2. Supported TLS versions
Modern browsers generally support at least TLS 1.2 and TLS 1.3. Very old versions or unusual patterns can indicate legacy stacks or customized TLS implementations (bots, scrapers).
We can define “modern expectations” per engine. If a recent Chrome/Firefox does not offer the latest TLS versions, that is notable. If it offers very old versions as well, that may be suspicious depending on context.
3. GREASE and other subtle hints
Browsers like Chrome use a technique called GREASE (Generate Random Extensions And Sustain Extensibility) to keep the ecosystem healthy: they advertise some “garbage” values in certain TLS fields to ensure servers handle unknown values correctly.

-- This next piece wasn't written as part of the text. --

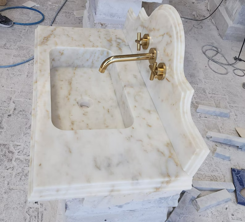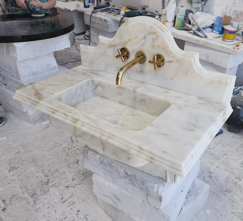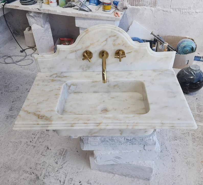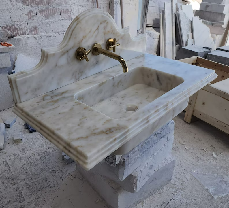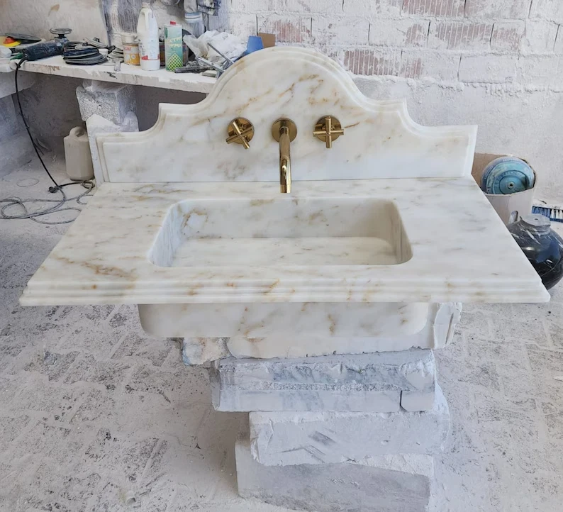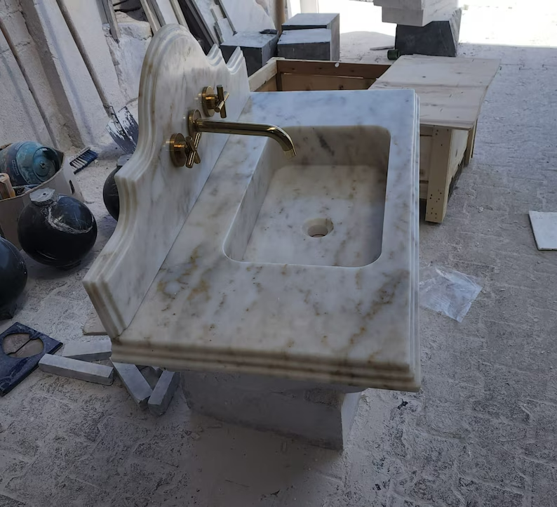 Dimensions:18"(W) 36"(L) 5"(H) Backsplash:12 Calacatta Viola Marble Sink With Ribbed on Three Side, Marble Sink, Custom Order Marble Sink, Hand Carved Marble Sink, Wall Mount Sink You can request special sizes and marble types. The products are sent in special crates wrapped in foam and air bags. It is very unlikely to reach you broken and cracked. However, if you encounter such a situation, you can quickly check and contact us when you open the crate. We will send a new one. The products are made by hand using natural stone marble. Especially in multi-patterned products, it is almost impossible for the patterns and color tones to be the same as in the photo (Calacatta viola). For this reason, we have to tolerate 10-20% difference in patterns and color tones. If you send us a message (specify your location) when you decide to order, we can help you with customs clearance.
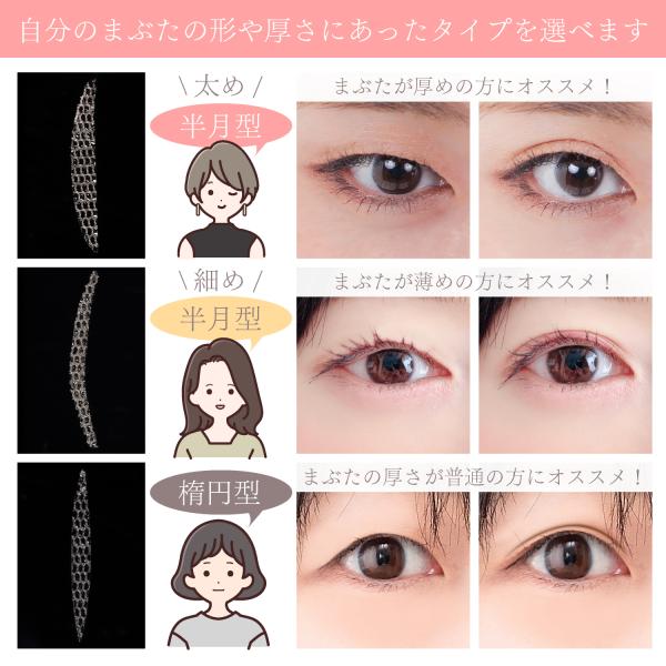 【楕円】まぶたの厚みが普通の方にオススメ【半月太め】(略称太め )まぶたが厚めの方にオススメ【半月細め】(略称細め)まぶたが薄めの方にオススメ。三つのサイズは写真を見てください。

Different engines handle GREASE slightly differently. The pattern of GREASE related fields in the handshake can be characteristic. If a client presents GREASE patterns that don’t match its claimed engine, that is a red flag.
Conclusion
The industry’s move toward JA4 is a welcome advancement, and we are proud to have been early adopters of the standard. It provides a robust foundation for identifying clients in an increasingly complex landscape. Yet, as browsers introduce new privacy features and automation tools become better at mimicking legitimate traffic while becoming better at hiding the things that distinguish them from real browsers, the race doesn’t end there. Defenders cannot rely on signatures alone; we must dig deeper into the nuance of the connection. Ultimately, the TLS handshake is a language, and if you know how to listen, it tells you exactly who is speaking.